How is shfl_sync implemented?

Ziqi · June 2, 2022, 4:30pm

I am curious about the implementation of the set of shfl_sync functions described at the following link: programming guide. For instance, the function T __shfl_sync(unsigned mask, T var, int srcLane, int width=warpSize), when called, seems to be a case of pass-by-value. But in effect, what the function really checks is the name var and it finds the local variable of the same name from another thread, and returns that. I would like to understand the implementation for this feature of “find by name” in CUDA.

Robert_Crovella · June 2, 2022, 4:37pm

That’s not how it works.

The parameter var represents the quantity (yes, it is pass-by-value) that the thread will make available for other warp-lanes to read. Other warp lanes that index to that lane to get their incoming value will select whatever that thread has placed in its var argument.

A thread gets its own data from other threads via the function return value.

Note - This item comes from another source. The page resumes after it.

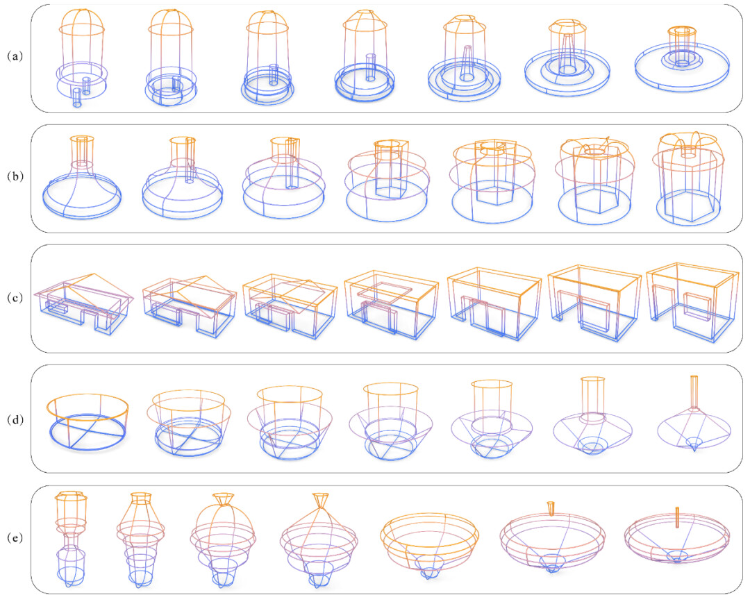 在潜空间插值实验中,该方法实现了不同线框之间的平滑过渡。该方法首先提取不同线框对应的潜向量,然后通过球面线性插值生成中间潜在表示序列,再解码为相应的三维曲线框。结果表明,该插值过程不仅在几何细节上保持了高保真度,还成功捕捉了起始与目标线框之间的拓扑变化,展示了该方法在直观编辑与交互式操作等应用场景中的潜在价值。
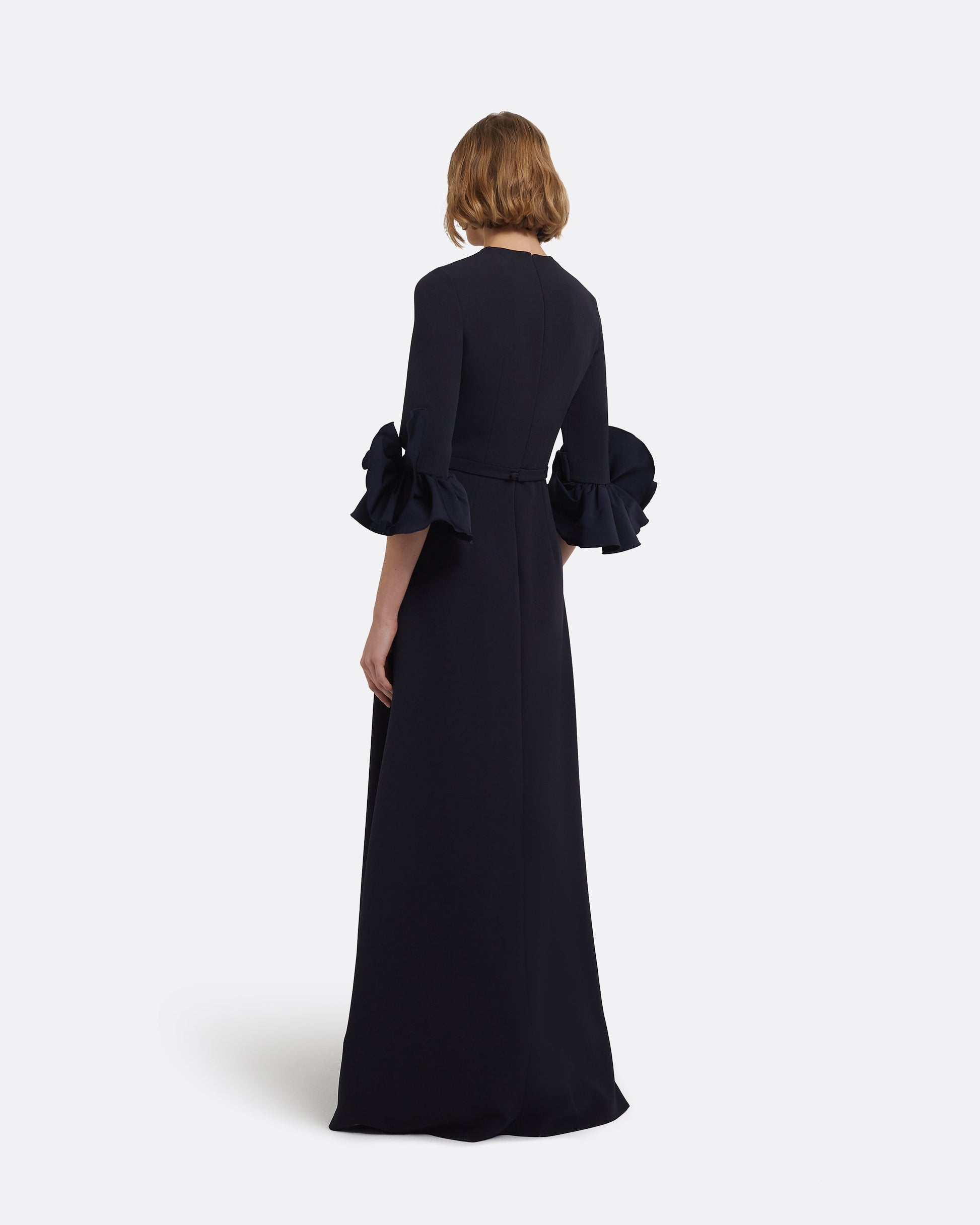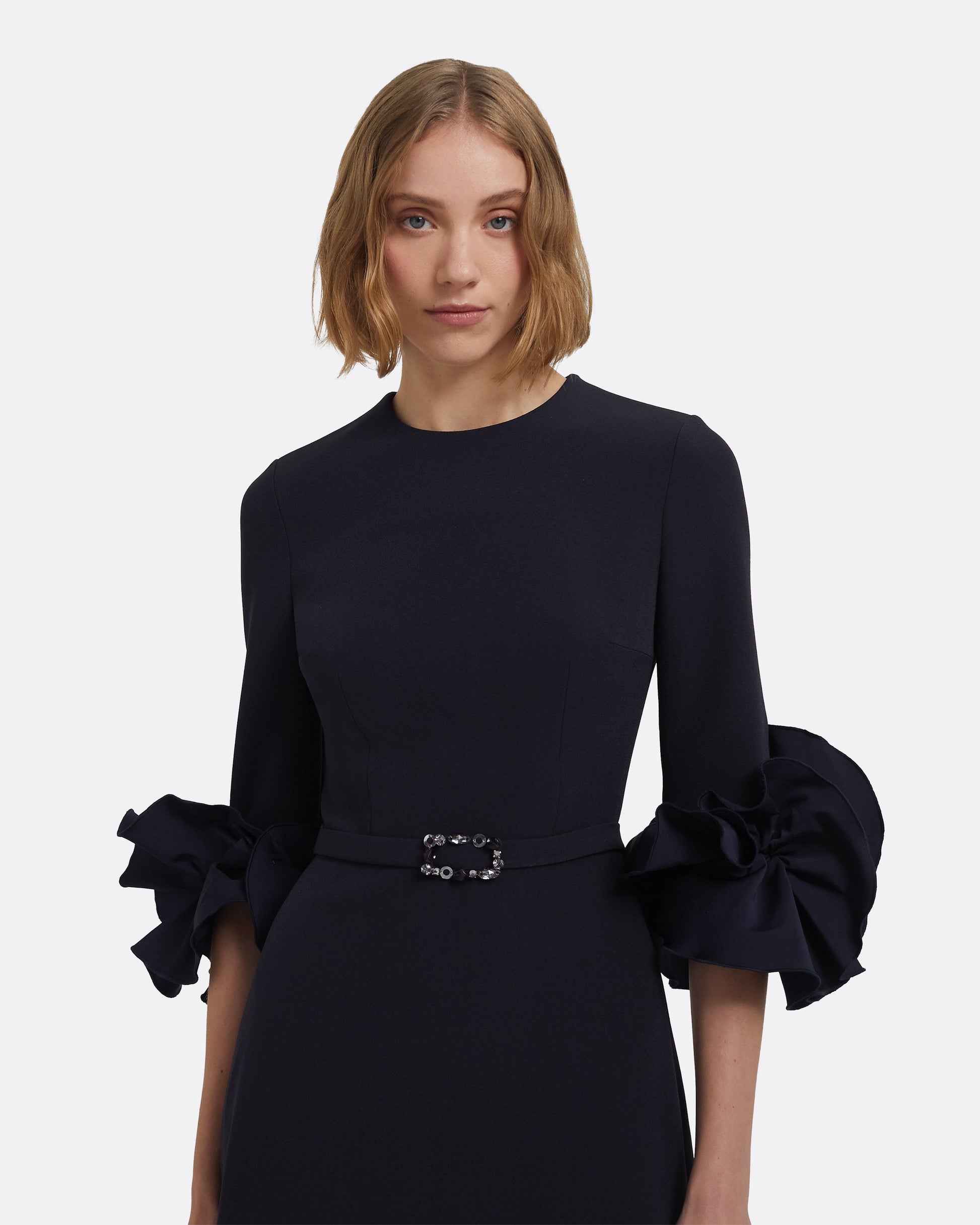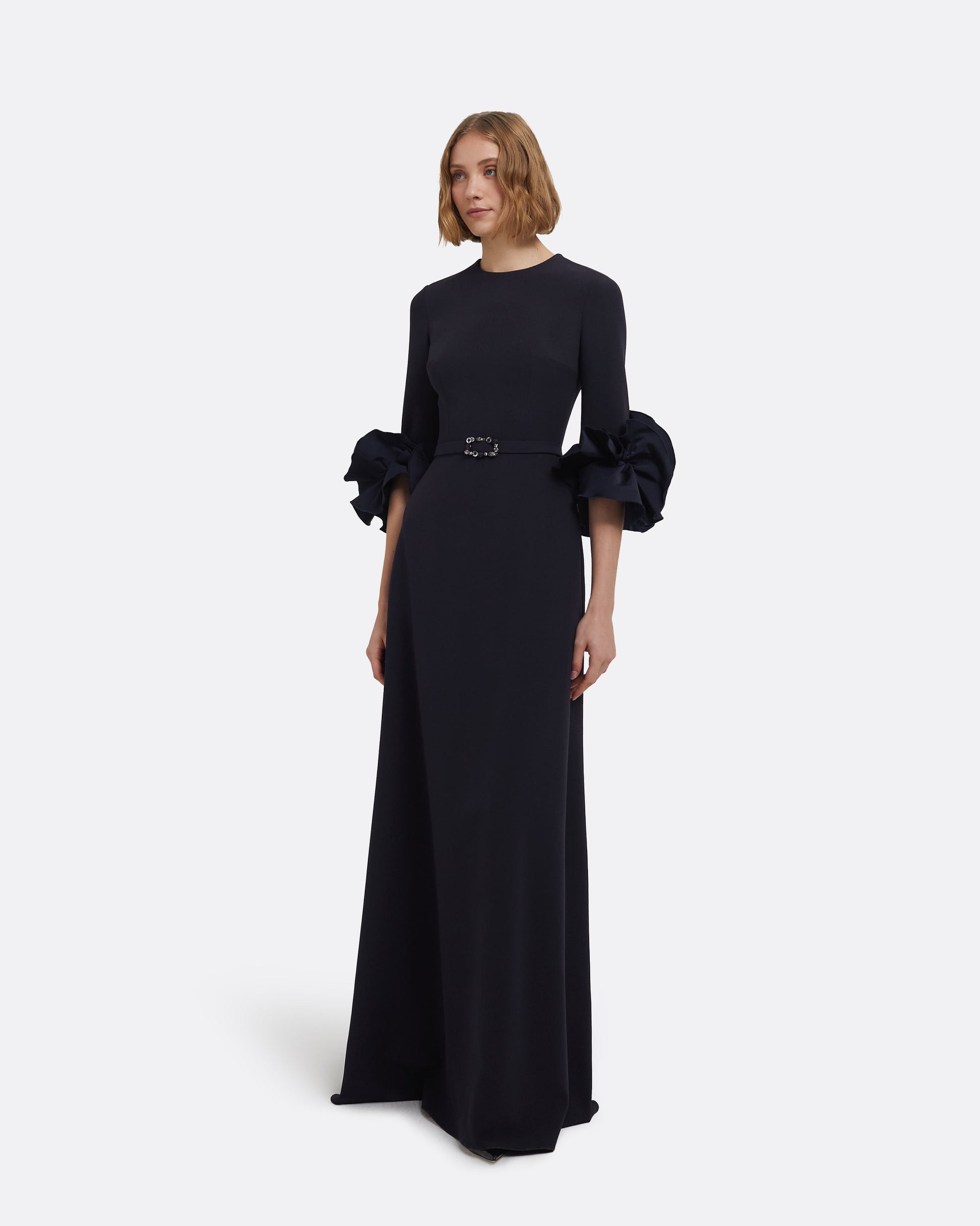 From the Pre-Fall '25 collection, the Belen dress in midnight navy is a study in refined contrast. Its flowing silhouette is complemented by sculptural accents, offering a commanding yet graceful presence.

Each thread places a value to be read by other threads in var
Each thread selects a source lane to read from (srcLane) (and the exact indexing here will vary depending on which shfl variant is being used)
Each thread reads the var value from the targetted source lane
The value read is returned by that thread in the function return value
each thread decides what it will publish. No other thread gets to select the value that will be read from that thread. The only value that can be read from that thread is the value that thread published in var.

There is no “find by name”.

A thread can pass a value for publishing via var, and also use the same variable for assignment as the return value. The value published will be the value that was contained in that variable prior to the shuffle op. The value that will “end up” in that variable is the value that was returned by the shuffle op.

Ziqi · June 2, 2022, 4:46pm

Elegant solution and good explanation! Thanks!